Solomon and his fellow forum members in Seen-Wen are now looking forward to their first big cassava harvest, which will take place in January 2019. The crop was first planted in April 2018, and has approximately a nine month growth period to harvest. ActionAid supported Solomon and his fellow farmers through providing farming tools as well as 200 USD startup grants to each farm for seedlings. They also provide continuous support through trainings and refresher courses, such as the planned refresher course on food processing which Solomon will participate in this coming November.

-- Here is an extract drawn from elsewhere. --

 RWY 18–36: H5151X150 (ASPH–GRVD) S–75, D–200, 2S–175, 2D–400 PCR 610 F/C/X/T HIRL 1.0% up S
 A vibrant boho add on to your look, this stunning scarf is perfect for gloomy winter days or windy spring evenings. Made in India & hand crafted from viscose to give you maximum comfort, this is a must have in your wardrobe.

Cassava is a locally grown plant that can be processed into many different products, such as fufu and gari, and is very versatile and therefore marketable in the local economy. The profits from the harvest of their two acre farm will be collected and reinvested into the Accountability Forum, which will support the initiation of community development projects.

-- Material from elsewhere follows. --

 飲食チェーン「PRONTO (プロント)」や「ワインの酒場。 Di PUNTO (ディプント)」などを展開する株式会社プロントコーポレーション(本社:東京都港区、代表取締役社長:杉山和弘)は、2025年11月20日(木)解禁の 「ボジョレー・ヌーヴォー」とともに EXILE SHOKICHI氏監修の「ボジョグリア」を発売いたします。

Advertising crops through social media

Earlier this year, Solomon participated in ActionAid training on how to use ICT tools, including social media platforms and smartphones to improve marketing and connect with customers. Through this training, Solomon learned how to utilize his phone for documenting the progress of his crops through pictures and for taking orders from customers:

“We have market days on Thursdays in Seen-Wen, and nearby communities come to buy from our market. Two days beforehand, I snap pictures of my products from my phone and send them to be uploaded on the ICT Hub that ActionAid helped us start. I use this to advertise to the people of Seen-Wen and the neighboring cities like Zwedru, the Capital of Grand Gedeh County. Since I started using the photo system, I have customers calling me every week ahead of market to place orders for corn, which makes the amount of corn I take to market more efficient. I can sell more product without fear of waste.”

Since the start of the BBF program, Solomon’s business has grown extensively. He states,

“I am certain that I will reap over 50 bags of corn. I expect to make over 8000 Liberian Dollars [47 EUR] from selling my corn. I will use this money to finish building my house and to go back to school. I want to study agriculture so that I am able to come back to my community and teach other young people about what agriculture is. I also aspire to be one of the best commercial farmers in Liberia.”

Solomon noted that the project farm planted Cassava root, which will be ready for harverst in March 2019, before the harvest, all farmers attend to their individual farms and rejoin every Saturday with the rest of the AF members to work on the farm. AAL continues to give technically support and skills building on business and using technology to find market for the agricultural crops.